**RECORDS SHOWN:**
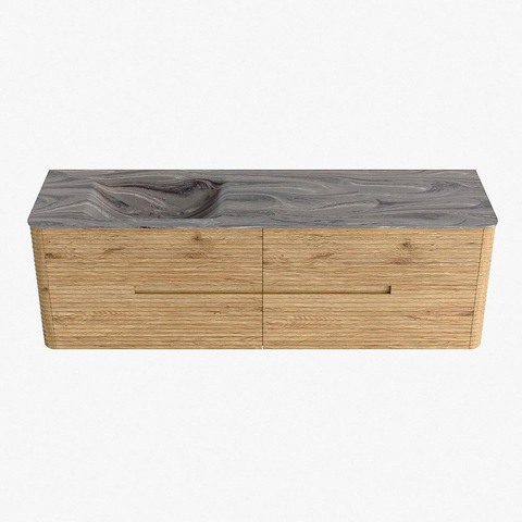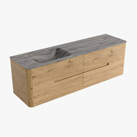 Mondiaz CIRO-DLUX Meuble de salle de bains - 160x45x50cm - Plan-vasque solid surface Sombra - 1 vasque à gauche - sans trou de robinetterie - 4 tiroirs - Chêne
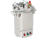 Электрический автоклав из нержавеющей стали с полностью автоматизированным процессом стерилизации. Оснащен электрическим блоком управления (ЭБУ) с возможностью стерилизации в 4 автоматических режимах "Мясо", "Птица", "Рыба", "Компот". В автоклаве предусмотрены автоматические режимы для жестяных банок и реторт-пакетов. Есть возможность сохранения до 10 собственных программ стерилизации для каждого вида упаковки.
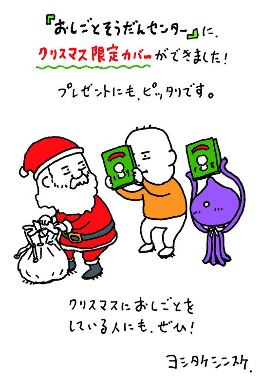 この「クリスマス限定新オビ版」の発売に向けて、著者のヨシタケさんから直筆のコメントイラストが到着しました。これからのホリデーシーズンに向けて、新バージョンの『おしごとそうだんセンター』に是非ご注目ください。
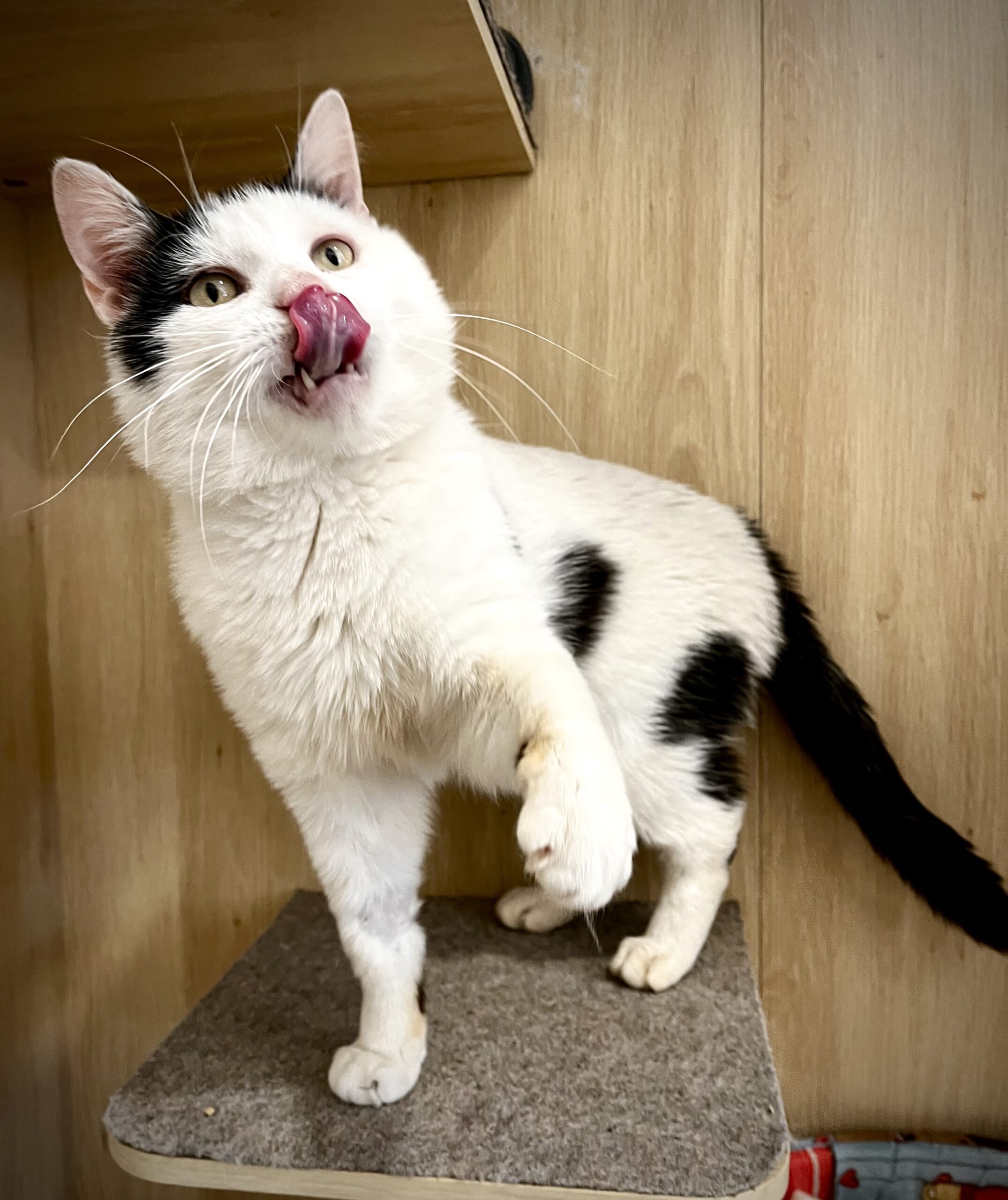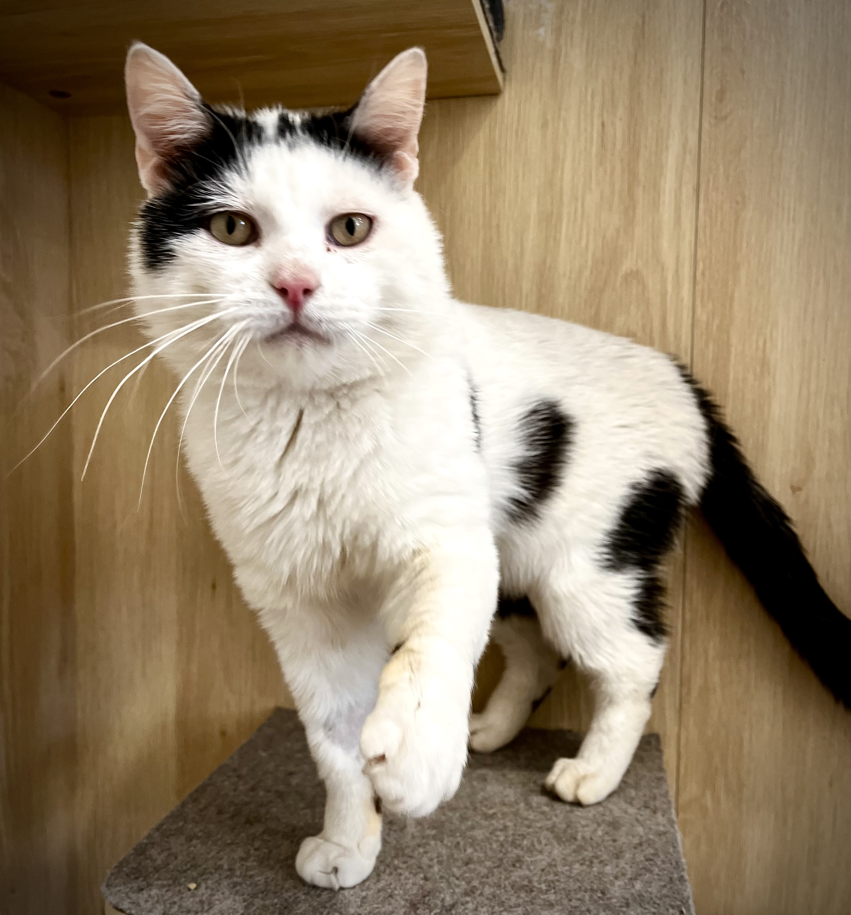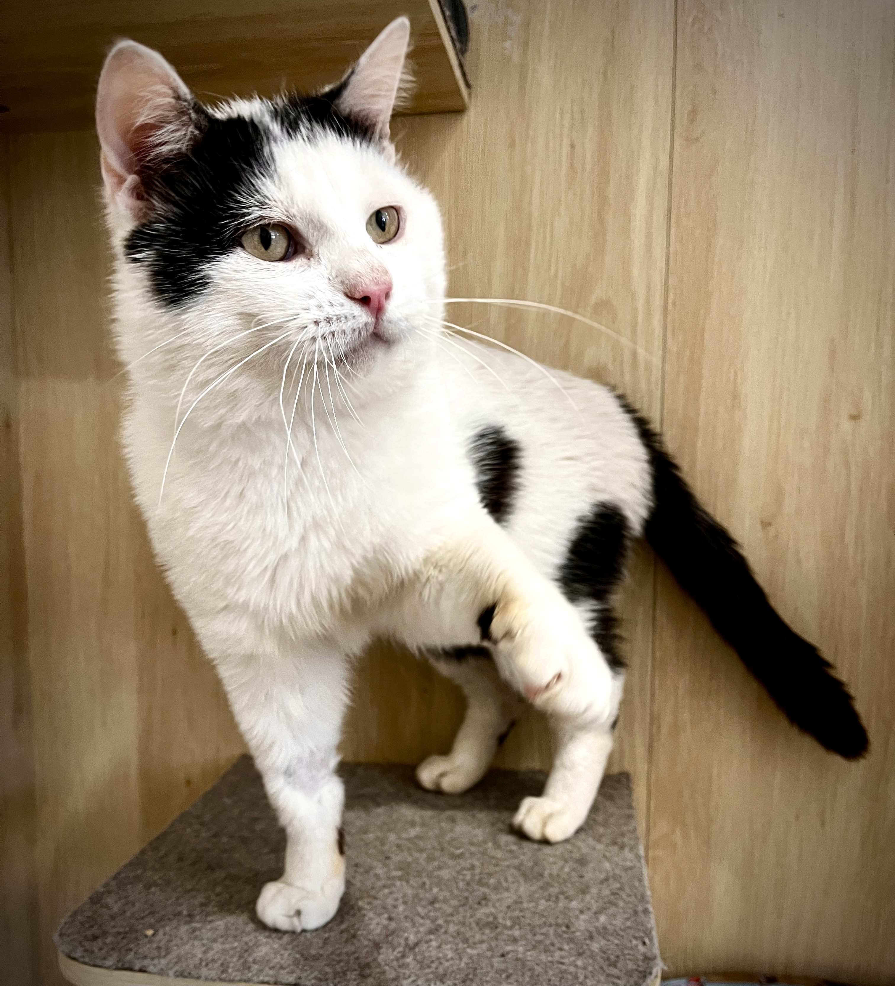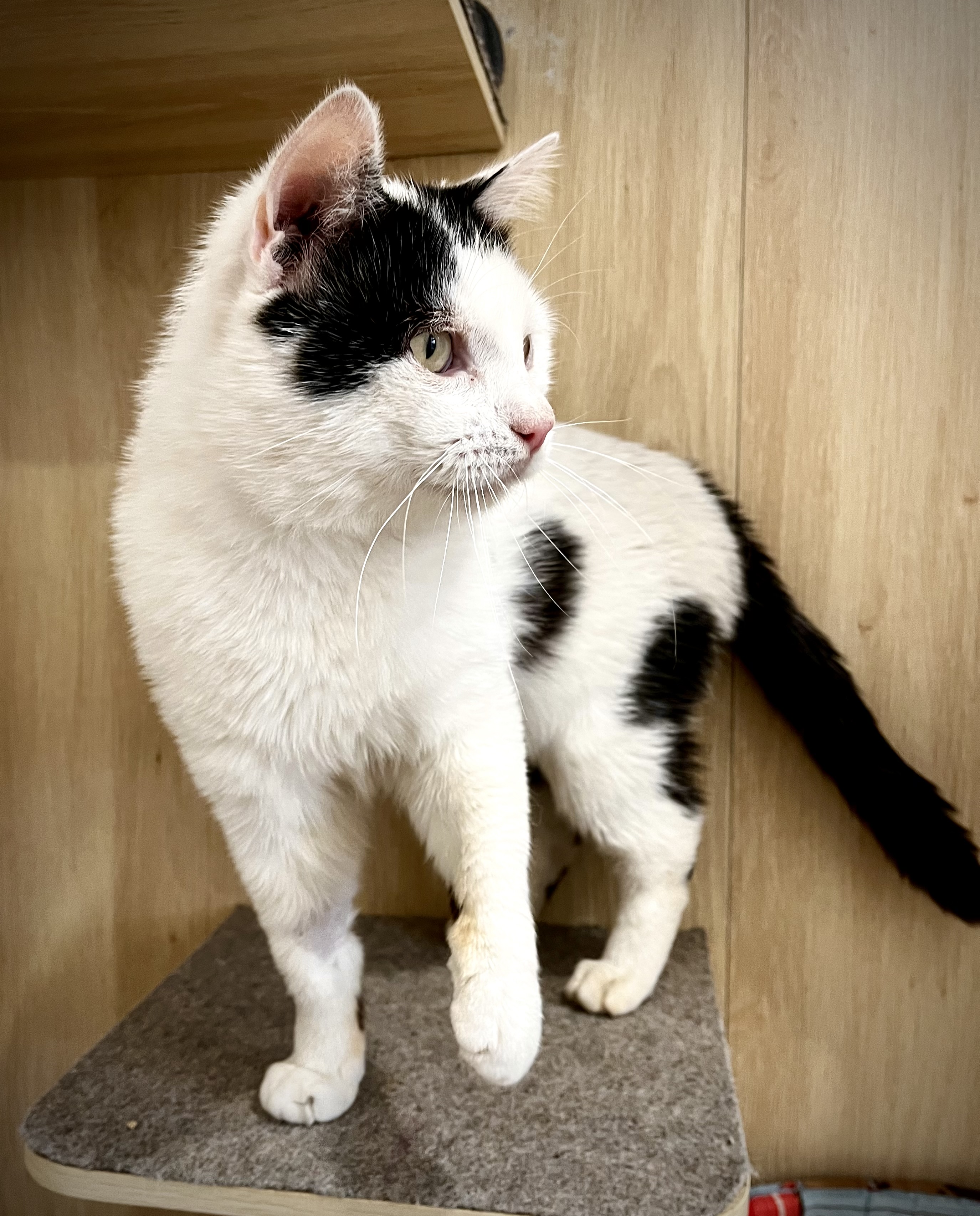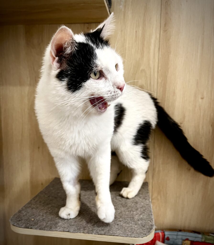 Sammy est un adorable chat noir et blanc, au caractère calme et posé. Très gentil, discret et affectueux, il apprécie la présence humaine et les moments de tranquillité.
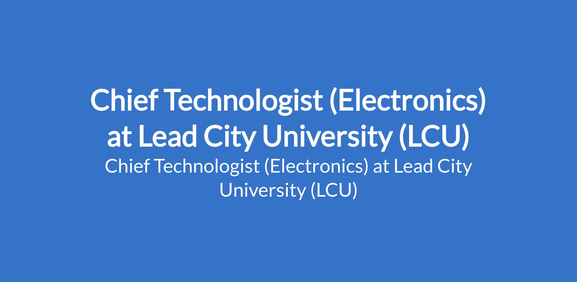 Lead City University (LCU) invites applications from suitable candidates to fill the position of: Chief Technologist (Electronics). The position is located in Ibadan, Oyo State. Interested candidates should possess a good First Degree, not below second class lower division or Higher National Diploma (HND) from a reputable University/Institution and must possess a current practice license from the relevant Council/Regulatory Board.

**TASK BRIEF:** No image belongs in the copy. Transcribe the full listing verbatim.

**RESULT OF THE EXERCISE:**
 Mondiaz CIRO-DLUX Meuble de salle de bains - 160x45x50cm - Plan-vasque solid surface Sombra - 1 vasque à gauche - sans trou de robinetterie - 4 tiroirs - Chêne
 Электрический автоклав из нержавеющей стали с полностью автоматизированным процессом стерилизации. Оснащен электрическим блоком управления (ЭБУ) с возможностью стерилизации в 4 автоматических режимах "Мясо", "Птица", "Рыба", "Компот". В автоклаве предусмотрены автоматические режимы для жестяных банок и реторт-пакетов. Есть возможность сохранения до 10 собственных программ стерилизации для каждого вида упаковки.
 この「クリスマス限定新オビ版」の発売に向けて、著者のヨシタケさんから直筆のコメントイラストが到着しました。これからのホリデーシーズンに向けて、新バージョンの『おしごとそうだんセンター』に是非ご注目ください。
 Sammy est un adorable chat noir et blanc, au caractère calme et posé. Très gentil, discret et affectueux, il apprécie la présence humaine et les moments de tranquillité.
 Lead City University (LCU) invites applications from suitable candidates to fill the position of: Chief Technologist (Electronics). The position is located in Ibadan, Oyo State. Interested candidates should possess a good First Degree, not below second class lower division or Higher National Diploma (HND) from a reputable University/Institution and must possess a current practice license from the relevant Council/Regulatory Board.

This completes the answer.